WHAT TO DO :: Copy the lines below exactly, starting with the first and finishing with the one holding "维度女性网 > 明星 > 林更新分享周杰伦视频 分享偶像正能量粉丝措手不及(3)"; do not copy the pictures.

COLLECTED DATA ::
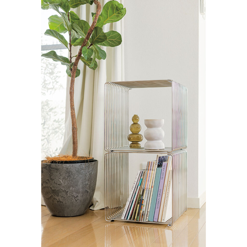 「木をメインにした空間に金属を入れたくなって」と、買い足したのはデンマークの家具メーカー「Montana」のワイヤーシェルフ。「花を生けるよりデザインに惹かれて、つい増えてしまう」という花器のディスプレイ、本や雑誌の収納に。
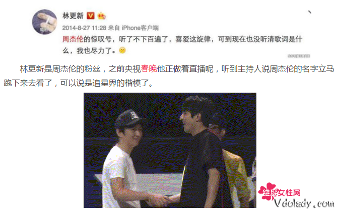 维度女性网 > 明星 > 林更新分享周杰伦视频 分享偶像正能量粉丝措手不及(3)
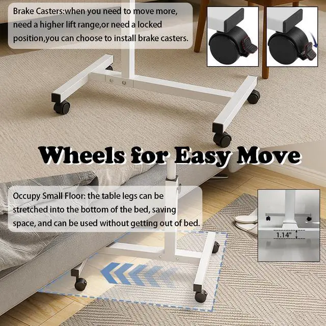 CUSTOMIZABLE HEIGHT & MULTI-FUNCTION SINGLE SURFACE: Enjoy a customizable workspace with this innovative computer table for bed! It features smooth height adjustment ( 23.2235. 03) and a smartly zoned single surface. The large area holds laptops/tablets up to 14 and includes a non-slip iPad slot and built-in cup holder. Ideal as an adjustable desk for work, dining, or hobbies, it also works perfectly as a portable laptop stand and bed table tray for eating and laptop ^^ SPACE-SAVING FOLDABLE DESIGN & SMART WHEEL SYSTEM: Maximize your space effortlessly! This rolling adjustable height desk features an innovative foldable design for ultra-compact storage. When not in use, simply fold it down and slide it under beds or sofas thanks to its 3-inch low clearance. Four high-quality locking casters with brakes ensure stability on any surface, making it an ideal portable laptop stand for dynamic environments like home offices, hospitals, or living rooms ^^
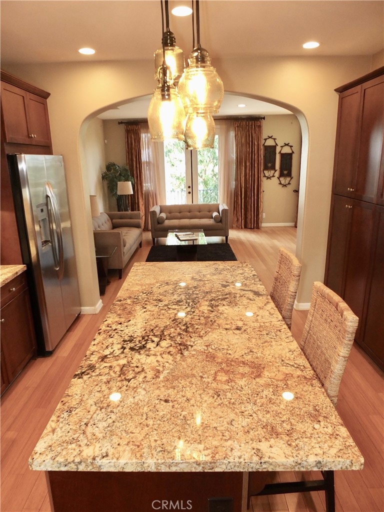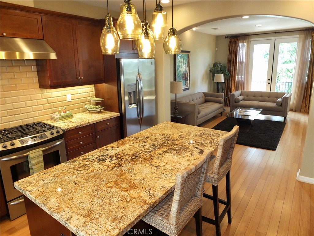 Welcome to the exquisite, gated Cienega community. Beautiful 1920's Spanish Revival architectural style with today's most sought after amenities. Premier south facing unit with dramatic City, Catalina Island and Downtown views! Tri-level 3 bedroom, 4 bath home with almost 2000 square feet of living space with two AC and heating systems. Main floor living room, kitchen and dining area have custom Mannington Bamboo flooring. Gourmet Kitchen with Island, stainless appliances, granite counters, recessed lighting and stunning lighting fixture. Adjacent Laundry room with Italian granite flooring. Third floor houses master suite with luxurious soaking tub with custom tile work and double vanities. Additional bedroom and bathroom on third floor. Perfect mother in law/ guest bedroom on 1st floor with bathroom and full storage area. Additional amenities include double pane windows, water softener & filtration system, stair lighting, recessed lighting, home security system, Kohler toilets and sinks throughout, plantation shutters, high tech speaker wiring, customized slider screens plus so much more. Double car attached garage. Enjoy the outdoors on one of the 2 balconies plus beautifully landscaped courtyard with built in bbq and fireplace area. Truly a must see!!

TASK SOLUTION ::
 「木をメインにした空間に金属を入れたくなって」と、買い足したのはデンマークの家具メーカー「Montana」のワイヤーシェルフ。「花を生けるよりデザインに惹かれて、つい増えてしまう」という花器のディスプレイ、本や雑誌の収納に。
 维度女性网 > 明星 > 林更新分享周杰伦视频 分享偶像正能量粉丝措手不及(3)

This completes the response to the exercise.